In our third installment from the Spitzer Filesour collection of e-mails between Eliot Spitzer's flack and reporters at the height of his hooker scandal—we congratulate the reporters who actually try to learn things before they go on TV.

On March 10, 2008, the New York Times broke the story of former New York Gov. Eliot Spitzer's hooker habit, and cable news went insane.
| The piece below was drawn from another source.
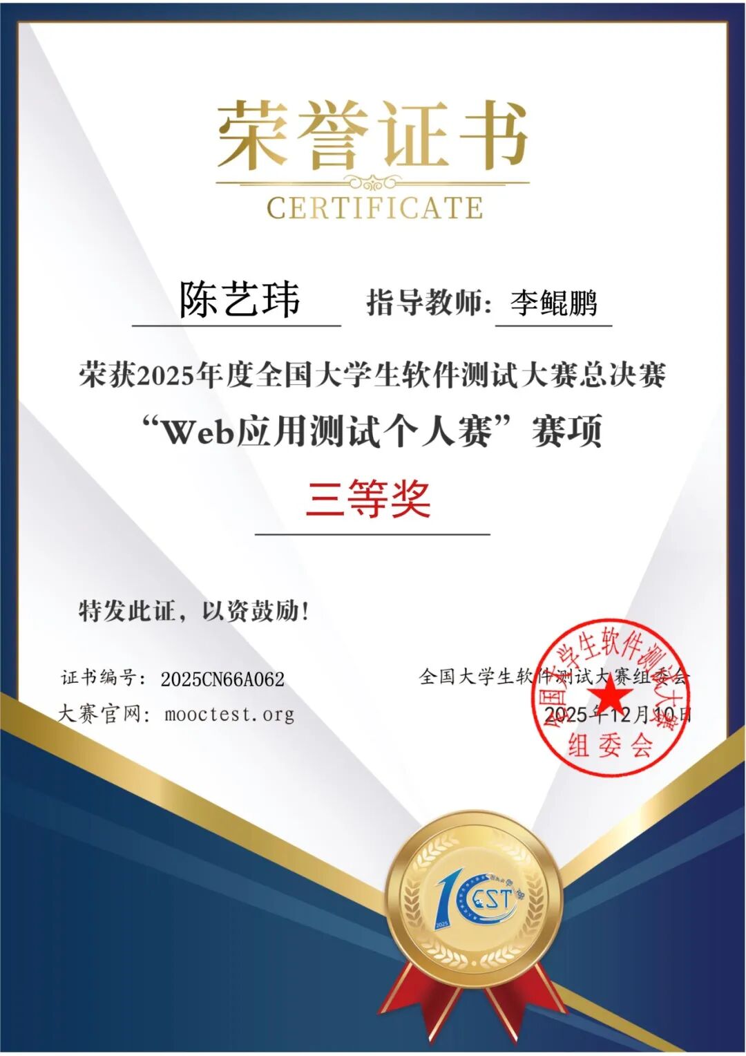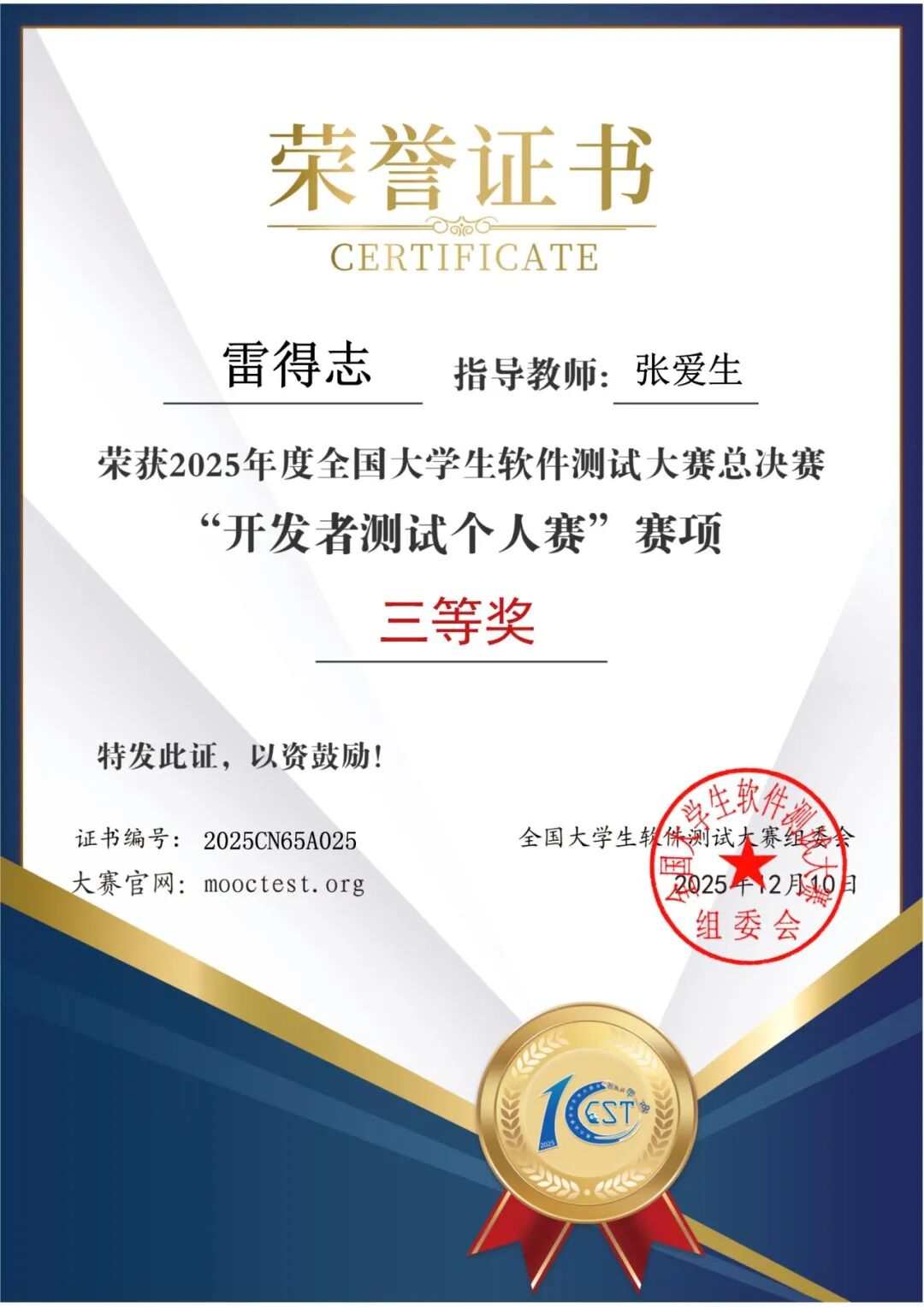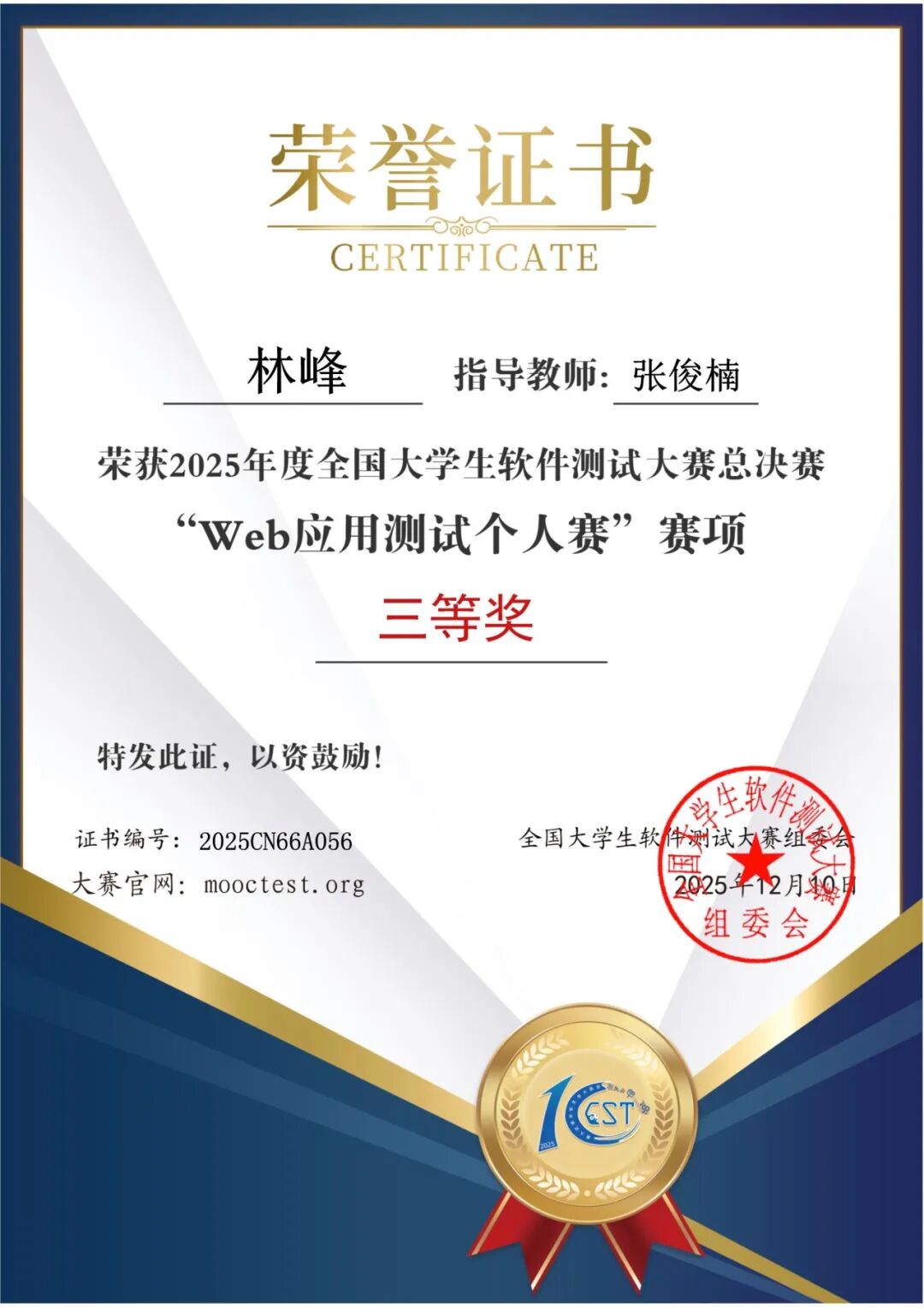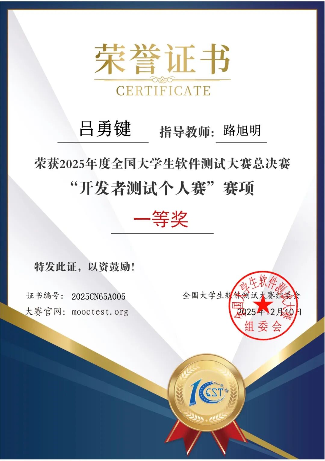 国赛一等奖获得者、网络空间安全学院24级信息管理与信息系统1班吕勇键同学表示:“此次比赛最大的收获在于思维模式的转变。从‘创造者’到‘质检员’视角的切换,深刻体会到了软件质量保障的重要性。”软件测试并非简单的“点点点”,而是一门需要缜密逻辑的技术艺术。参加此类大赛,能极大地反哺编程思维,帮助成为更全面的技术人才。

One of the gratifying things we found in the 1,300 pages of e-mail correspondence between Spitzer's flacks and reporters (which we obtained under New York's public records law) was that some reporters who were booked as talking heads actually made an effort to know what they were talking about before they went on TV. Of course, it's hard to get too much information at the last minute — which is one reason no one on cable television knows what they are talking about — and often the natural impulse of reporters is to check in with a flack for guidance.

The day after the Spitzer news broke, as speculation over his future was at a fever pitch, Financial Times reporter Brooke Masters, who wrote a book in 2006 about Spitzer's rise to power, was booked to appear on CNN. She sent a frantic e-mail to Spitzer's communications director Christine Anderson ten minutes before she was scheduled to go on, asking, "what tone should I take when asked if he will resign?" She signed off with, "Help."
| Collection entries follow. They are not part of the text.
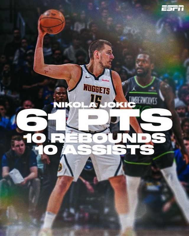 Nikola Jokić je postigao triple-double, ali se među statistikom izdvaja nestvaran 61 poen. Dodao je 10 skokova i 10 asistencija, ali ni to nije bilo dovoljno da njegov Denver ostvari pobjedu protiv Minnesote.
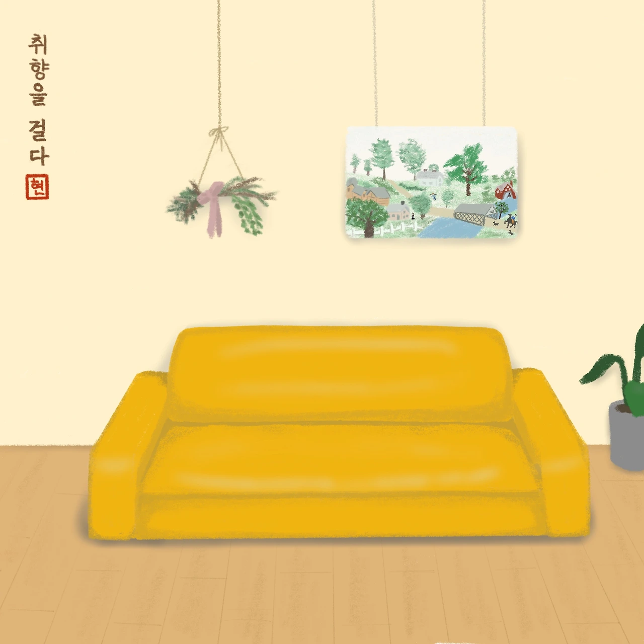 이 집에 봄에서 여름으로 그리고 가을, 겨울로 네 번의 계절이 흘렀다. 흐르는 계절마다 계절에 맞는 나의 취향을 입혔다. 그중 제일 마음에드는 것이 거실의 그림액자. 이제 마음껏 못질을 해도 되는 우리의 거실 벽에는 흐르는 계절을 따라 그 계절의 느낌을 담은, 남편과 내가 함께 고른 그림액자가 걸렸다.
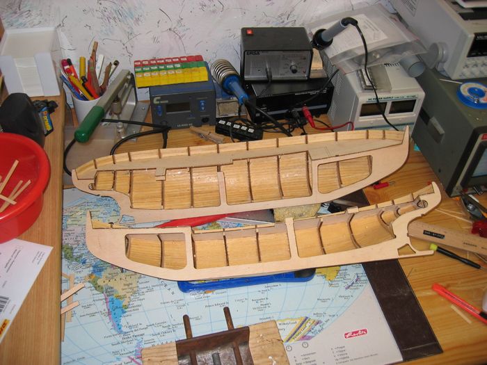 Es ist so weit, beide Rumpfhälften können nun verklebt werden, das Modell nimmt langsam Form an.
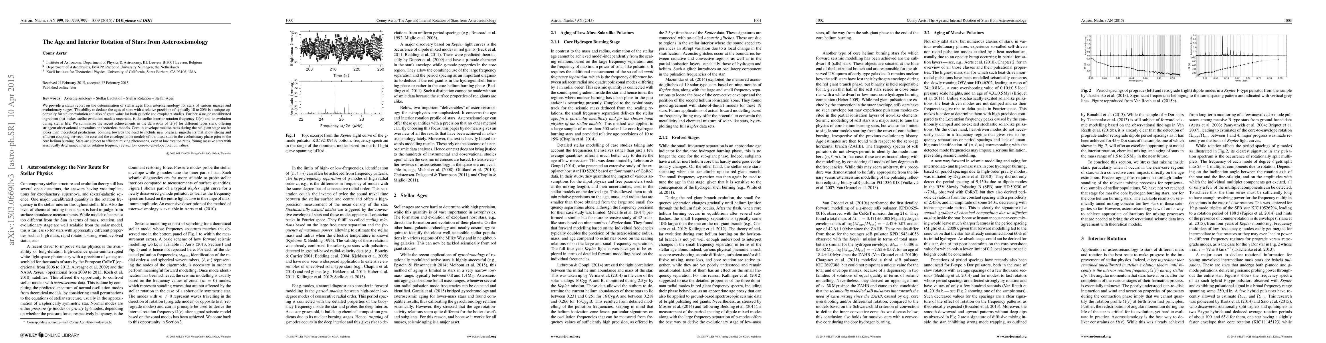 This paper reviews the progress in determining stellar ages and interior rotation rates through asteroseismology, achieving a relative precision of 10-20%. It highlights the need for new physical models to better align core-to-envelope rotation rates in low-mass stars with observations, especially during the red giant stage.

Anderson responded that no announcement would be coming that day, but that Masters' "tone should probably be that the options aren't good." On CNN that night, in a taped segment for Anderson Cooper 360, Masters said, "Unless he can completely reinvent himself, his old method of dealing with the world and his old attraction as a politician is gone."
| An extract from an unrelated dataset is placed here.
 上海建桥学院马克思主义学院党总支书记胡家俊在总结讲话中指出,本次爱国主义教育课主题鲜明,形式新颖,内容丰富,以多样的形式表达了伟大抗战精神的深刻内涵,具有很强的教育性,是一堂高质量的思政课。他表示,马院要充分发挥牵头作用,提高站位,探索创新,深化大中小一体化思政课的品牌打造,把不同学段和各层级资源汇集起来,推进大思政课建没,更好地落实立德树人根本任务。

When we let Masters know that we were publishing the exchange, she wrote in an e-mail that "I knew I was going to be asked what Mr Spitzer would do, and I am a reporter not a pundit so I was trying to gather the facts." Which we commend her for. Still, it's worth remembering the next time you see a reporter analyzing a story on cable somewhere, that — at least for the ones who did their homework — the facts, and the tone, sometimes come unattributed and off the record from people who are paid to manage reporters.

Another reporter who checked in with Anderson before going on TV was them-Time magazine deputy managing editor Adi Ignatius, who now edits the Harvard Business Review. Oddly, Ignatius — who had covered and profiled Spitzer for Time — was booked on ABC News and NBC News as a supporter of Spitzer's, to balance out the detractors offering gleeful quotes on his self-immolation.

On March 10, a few hours after the story broke, Ignatius e-mailed Spitzer's chief of staff Marlene Turner asking if he could speak to Spitzer or anyone else in his office about the governor's state of mind before going on ABC News's World News Tonight. Turner referred him to Anderson. World News didn't use any of Ignatius' tape, but the next day, NBC Nightly News invited him to speak as "someone who knows and likes Eliot," and he asked Anderson for access to Spitzer or anybody else who might know his thinking. Anderson responded that she'd be happy to talk to him.

That night, Ignatius was identified on a Nightly News segment as a Spitzer "supporter," and he told correspondent Mike Taibbi that "it's going to be very, very, very difficult for him to stay in office."

Ignatius and Masters were right to find out as much as they could before being presented to television audiences as informed analysts (or in Ignatius' case, a partisan). But it's interesting, to us at least, to see laid bare the role that flacks can play behind the scenes in managing the tone and direction of talking-head coverage during a PR disaster.